Un salarié vous informe qu’il prend acte de la rupture de son contrat de travail ? Pas d’affolement, ce sont les risques du métier ! Voici toutes les informations dont vous aurez besoin pour sortir indemne de cette situation, la procédure à suivre, les démarches à accomplir, les petites choses à éviter et surtout les indemnités que vous devrez verser… ou non !
- Tout d’abord, la prise d’acte c’est quoi ?

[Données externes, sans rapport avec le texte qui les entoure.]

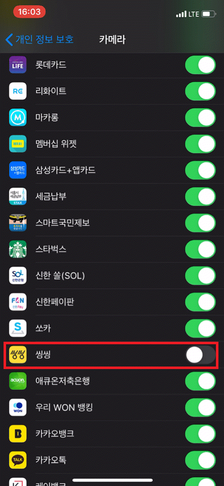 - 카메라 설정 방법 : 설정 > 개인 정보 보호 > 카메라 > 앱 > 끔
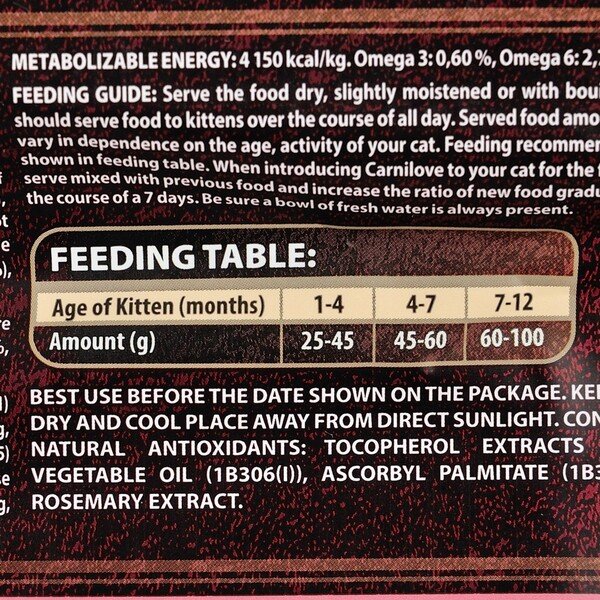 Рекомендації щодо годування: давати корм сухим або змочивши у теплій воді або бульйоні. Годувати необхідно тричі на день. Кількість корму можна змінити залежно від віку та активності вашого вихованця. Коли годуєте кормом Carnilove вперше, змішуйте невелику кількість із попереднім кормом, і збільшуйте співвідношення поступово упродовж тижня. Завжди перевіряйте наявність свіжої води.

Il s’agit d’un mode de rupture du contrat de travail à l’initiative du salarié. Ainsi, le salarié qui s’estime victime de manquements de la part de son employeur peut, par la prise d’acte, quitter son poste de travail et rompre, sans préavis, son contrat. Il devra ensuite saisir le juge afin qu’il se prononce sur les conséquences de cette rupture : licenciement sans cause réelle et sérieuse ou démission.
La prise d’acte place donc l’employeur dans une situation délicate puisqu’il se trouve soudainement privé d’un salarié et devra se confronter à une procédure prud’homale.
Cette procédure pourra toutefois se retourner contre le salarié et évoluer en faveur de l’employeur. En effet, si le juge estime que les manquements invoqués ne sont pas suffisamment graves pour justifier la rupture du contrat de travail aux torts de l’employeur, aucun centime ne sera alors dû au salarié.
- Que faire face à une prise d’acte ?
- Remettre les documents de fin de contrat
Dès lors que l’employeur prend connaissance de la prise d’acte, le contrat de travail se trouve rompu et le salarié ne pourra pas revenir sur sa décision et la rétracter. Le salarié peut donc quitter l’entreprise sans avoir à respecter un préavis.
L’employeur sera donc tenu, à cette date, de remettre au salarié les documents de fin de contrat, c’est-à-dire :
- Un certificat de travail
- L’attestation Pôle emploi
- Un reçu pour solde de tout compte
- L’état récapitulatif de l’épargne salariale du salarié si celui-ci à adhérer à des mécanismes d’intéressement et de participation.
Il est par ailleurs vivement conseillé à l’employeur de rédiger un courrier dans lequel il s’explique sur les griefs reprochés par son salarié. Ce courrier pourra en effet venir au soutien de l’argumentation développer postérieurement devant le conseil de prud’hommes et témoigner de l’attitude conciliante de l’employeur.
- Contester la matérialité ou la gravité des faits reprochés par le salarié
Le salarié qui prend acte de la rupture de son contrat de travail sera, après avoir notifié cette décision à son employeur, tenu de saisir le conseil de prud’hommes afin qu’il statue sur les conséquences de cette prise d’acte : licenciement sans cause réelle et sérieuse ou démission.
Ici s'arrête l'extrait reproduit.